Contents

1 Introduction

Escort is a framework for evaluating a single-cell RNA-seq dataset’s suitability for trajectory inference and for quantifying trajectory properties influenced by analysis decisions. Escort is an R package designed to guide users through the trajectory inference process by offering goodness-of-fit evaluations for embeddings that represent a range of analysis decisions such as feature selection, dimension reduction, and trajectory inference method-specific hyperparameters.

If you encounter any issues, please report these to our Github: Report Issues

2 Installation

Escort can be installed via GitHub:

if (!requireNamespace("devtools", quietly=TRUE))
    install.packages("devtools")
devtools::install_github("xiaorudong/Escort")

The following packages are required for installing Escort. If installation fails, you may need to manually install the dependencies using the function ‘install.packages’ for CRAN packages or ‘BiocManager::install’ for Bioconductor packages. The error message will indicate which packages are missing, or you can go ahead and pre-install these.

CRAN packages: alphahull, fastICA, Rtsne, umap, rstatix, DT, FNN, grDevices, Hmisc, jmuOutlier, shotGroups, parallelDist, robustbase, scales, SCORPIUS, sfsmisc shiny, shinycssloaders, shinydashboard, shinyjs, shinyWidgets, dplyr

Bioconductor packages: SingleCellExperiment, SC3, slingshot, clusterProfiler, org.Hs.eg.db, org.Mm.eg.db, edgeR, limma

Bioconductor packages can be installed using:

if (!require("BiocManager", quietly = TRUE))
    install.packages("BiocManager")

BiocManager::install("PACKAGE NAME")

CRAN packages can be installed using:

install.packages("PACKAGE NAME")

3 Example using a simulated single-cell RNA-seq dataset

Below we show an example using a simulated single-cell RNA-seq dataset from Saelens et al., 2019, available at (https://zenodo.org/records/1443566). For this example, we pre-normalized the data and removed genes having mean expression less than three. This simulated dataset is characterized by a linear topology structure. We will also set a seed here for reproducibility.

set.seed(11111)
library(Escort)
data("exampleData_linear")

Escort first assists users by determining the presence of a trajectory signal. This step provides information regarding the appropriateness of the dataset for trajectory analysis. Often trajectory analysis is not appropriate when cells represent distinct cell types or when cells are too homogeneous.

4 Step 1: Detecting Trajectory Existence

The input for this step are the matrices of raw and normalized single-cell RNA-seq data after any quality control. The HD_DCClusterscheck() function is utilized to identify diverse cell types, while the testHomogeneous() function aids in assessing homogeneity.

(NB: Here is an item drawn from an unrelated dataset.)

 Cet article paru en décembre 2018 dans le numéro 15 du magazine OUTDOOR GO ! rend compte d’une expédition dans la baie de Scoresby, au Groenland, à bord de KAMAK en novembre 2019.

4.0.1 Assessing evidence of any distinct cell types:

In practice, we do not recommend setting K below, it was done here only for speed.

LvsC <- HD_DCClusterscheck(normcounts=norm_counts, rawcounts=rawcounts)
LvsC$DCcheck
## [1] "Congratulations! Escort did not find null spaces between clusters. Proceed to the homogeneity check step next."

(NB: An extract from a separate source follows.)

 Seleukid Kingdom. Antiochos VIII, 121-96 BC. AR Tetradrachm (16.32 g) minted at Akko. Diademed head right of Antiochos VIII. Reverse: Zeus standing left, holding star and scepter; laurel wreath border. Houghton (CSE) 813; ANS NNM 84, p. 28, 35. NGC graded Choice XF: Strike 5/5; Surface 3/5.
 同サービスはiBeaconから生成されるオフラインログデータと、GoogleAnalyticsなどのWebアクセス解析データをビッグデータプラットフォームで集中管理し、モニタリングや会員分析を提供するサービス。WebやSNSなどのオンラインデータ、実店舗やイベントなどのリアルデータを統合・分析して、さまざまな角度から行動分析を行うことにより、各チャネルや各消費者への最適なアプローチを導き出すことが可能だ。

4.0.2 Assessing evidence of cell homogeneity:

In practice, we recommend setting the number of iterations to at least 20. We set it to 5 here for speed.

cor_test <- step1_testHomogeneous(normcounts=norm_counts, num.sim=5)
cor_test$decision
## [1] "The trajectory signal is detected."

5 Step 2: Evaluating embedding-specific characteristics

Escort’s next step is to identify dataset-specific preferred embeddings for performing trajectory inference. An embedding encompasses all analysis or processing choices involved prior to trajectory inference (e.g. dimension reduction, feature selection, normalization, etc.)

For feature selection, usually the top highly variable genes are selected, although there is no pre-determined optimal number of genes to select. For dimension reduction, Escort has built-in the more well-known dimension reduction algorithms, specifically, UMAP, t-SNE, MDS, and PCA, through the getDR_2D() function.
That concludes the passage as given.